The television series includes both Turkish and Uzbek actors and it is produced by Turkish screenwriter Mehmet Bozdağ, while being directed by Metin Günay. Nurgissa Almurat of Kazakhstan, Reza Himmeti of Iran are also directors of the series. A statement said, "About a thousand people will take part in the project. The series, which will be shot in Uzbekistan and Turkey, consists of 13 episodes, and each episode will be one hour long". Mendirman Jaloliddin is sometimes considered a "multi-part film" or just a "film" for its short amount of episodes and shorter amount of screentime. Uzbek and Turkish artists gathered at the Milliy TV studio for the first part of the production and answered the questions from the audience live after the first episode of the series was broadcast.
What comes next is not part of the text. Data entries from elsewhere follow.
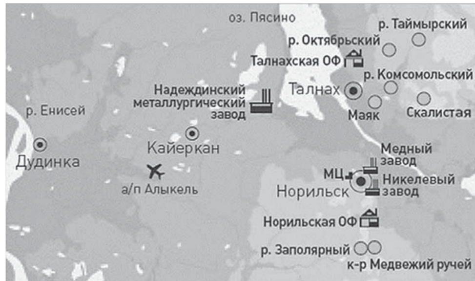
Система жизнедеятельности Норильского промрайона требует взвешенного, ответственного подхода

"Норильский никель" в прошлом году утвердил Стратегию производственно-технического развития на период до 2025 года, которая предусматривает строитель-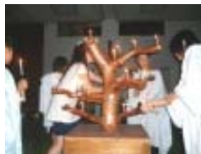
大燭台に灯します

ボランティアの皆さんに企画・運営をお願いし、実施した。参加者にとってもボランティアにとっても、楽しいひと時を過ごす良い機会となった。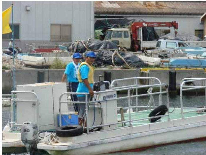
レースガードスタッフ（先導船）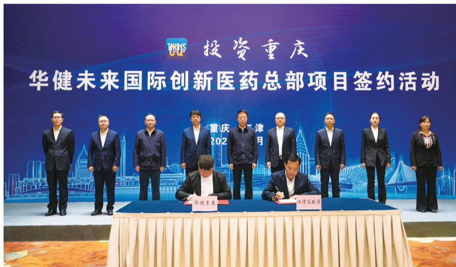
华健未来国际创新医药总部项目签约落户江津双福工业园

比如,制造业稳中有进,重汽轻型汽车F平台技术改造项目完成总装生产线设备安装,龙煜铜管、嘉利建桥等30家企业通过加大技术改造不断提高生产效率;自行者科技、航航科技等24家企业成功认定为“专精特新”企业;战略性新兴产业加速落地,春辉、克维斯等17个项目开工建设,柏力开米、快速成型样件制作及技术服务项目等6个项目建成投产;服务业提质增效,重庆西部(东盟)农产品冷链分拨中心项目持续做实做强,爱琴海、吾悦广场等商业综合体消费提升行动与夜经济商业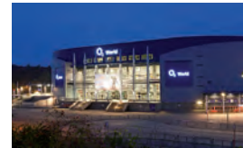
O2 World, Hamburg Architekt: JSK, Frankfurt/Main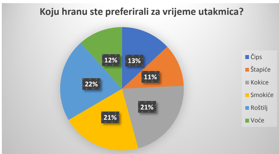
Grafikon 2. Preferirana hrana za vrijeme utakmica

Prema dobivenim rezultatima ankete po 41% ispitanika je gledalo utakmice kod kuće ili u kafiću. 2% ispitanika je utakmice gledalo uživo na stadionima u Rusiji, dok je 16% ispitanika gledalo na trgovima diljem Hrvatske.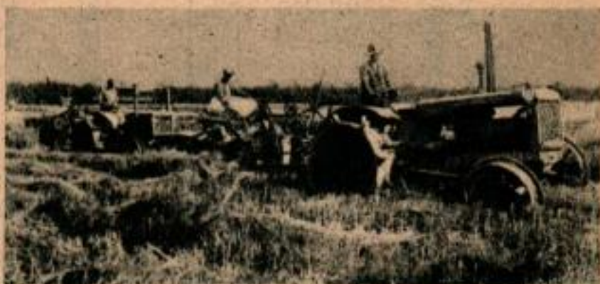
Ci-dessus et ci-dessous, photo de travail prises sans que les sujets aient fait attention au photographe ou à son appareil. De telles photos sont presque toujours l'occasion de belles ventes pour des revues agricoles.

Chaque fois que cela est possible, prendre quelqu'un accomplissant un travail typique de la vie agricole de chaque jour. Les photos de travail ou de jeu présentent toujours un intérêt à la fois pour les fermiers et pour ceux qui s'intéressent aux activités agricoles. Même des scènes et des photos souvenirs seront rendues plus intéressantes pour le photographe et ses amis si elles renferment une silhouette qui ne cache pas tout.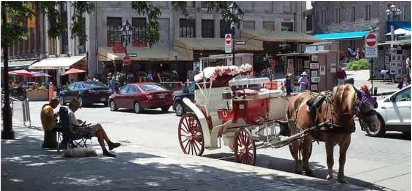
Cheval de calèche attendant sous un soleil accablant pendant que le cocher profite de l'ombre.

Aujourd'hui, en 2019, les calèches sont perçues comme des reliques d'un temps où les animaux étaient des commodités. L'administration présente de la ville, dirigée par la mairesse Plante, a voté unanimement le bannissement des calèches en août 2018 et a offert de racheter les chevaux au coût de 1000$ chacun. La ville travaillera par la suite avec les sanctuaires et les organisations locales pour placer les chevaux dans des foyers sécuritaires et permanents. Ce plan les sauvera de l'abattoir au cas où les propriétaires décideraient de se débarrasser d'eux.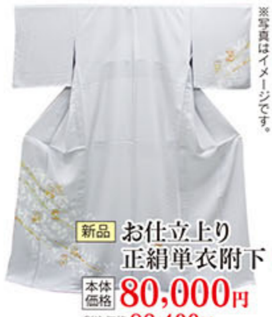
新品 お仕立上り 正絹単衣附下 本体価格 80,000円 税込価格 86,400円

After a conference in Tashkent where it was first announced that a series with this name will be produced, an intensive collaboration between producers, directors, screenwriters, historians, consultants, artists, art directors, architects and costume designers began. Tough casting awaited many Turkish and Uzbek actors for the series who had to receive special training for battle scenes, horse riding and fencing. They also had to learn each other's languages. The digital effects of Mendirman Celaleddin, which employs a team of about 500 people behind the scenes, included 200 people from Turkey, England, India and Malaysia. Based on the sketches of Turkish and Uzbek artists, more than 200 tailors worked on costumes for the series.

=== Set ===

The Bozdağ Film set was prepared to build an atmosphere of the 13th century. In Turkey, it was built on an area of 30 hectares and above the two-storey Khorezmshah palace building, 5.5 meters high, which filled an area of 3,500 square meters, 1,200 people worked. Uzbek media has said that the set looks exactly like how a real 13th-century palace would be like. The streets of Konye-Urgench, residential buildings, the central market were also built and praised. The desert battle scenes were filmed in Aksaray, 750 km from Istanbul. It was scheduled to premiere in January 2021 but instead was released in February.

== Criticisms ==
When the show of the series began, different opinions about it began to be expressed on social networks, along with recognitions, criticisms were made. In particular, blogger Eldar Asanov compared the realities shown in the film on the basis of historical theories and listed several flaws in the series. It seems that the Turkish actor Emre Kiviljim, who played the main character of the Mendirman Jaloliddin series, did not like most of the Uzbek viewers, as well as some young artists. Talented actor Alisher Uzokov commented on this in his intro. He emphasized that the main character was himself or Ulugbek Kadyrov, Adiz Radjabov, Bobur Yuldashev and several Uzbek actors.

== Release ==
In 2020, Mehmet Bozdağ announced that he had been working on the project since 2018, at the request of the Uzbekistan government. Saida Mirziyoyeva, the deputy chairperson of the board of trustees of the Public Foundation for Support and Development of National Mass Media in Uzbekistan, announced on Twitter that the historical series "Mendirman Jaloliddin" would start airing on Milliy TV channel on February 14, 2021. The series was eventually released on February 14, 2021. The second season of the series began airing in Uzbekistan on January 14, 2023, and is currently being broadcast on the Zoʻr TV channel.

=== Reception ===

The television series gained attention in Pakistan, and with the release of only the first episode, it quickly became popular. Saida Mirziyoyeva praised the series for its great script and acting, and recommended it as a captivating portrayal of the region's history. She said: The series has a great script and excellent acting that captivate viewers from the first to the last episode. Moreover, it effectively portrays the history of our region in a colorful language of cinema, making it easily understandable for the general public. I highly recommend watching it!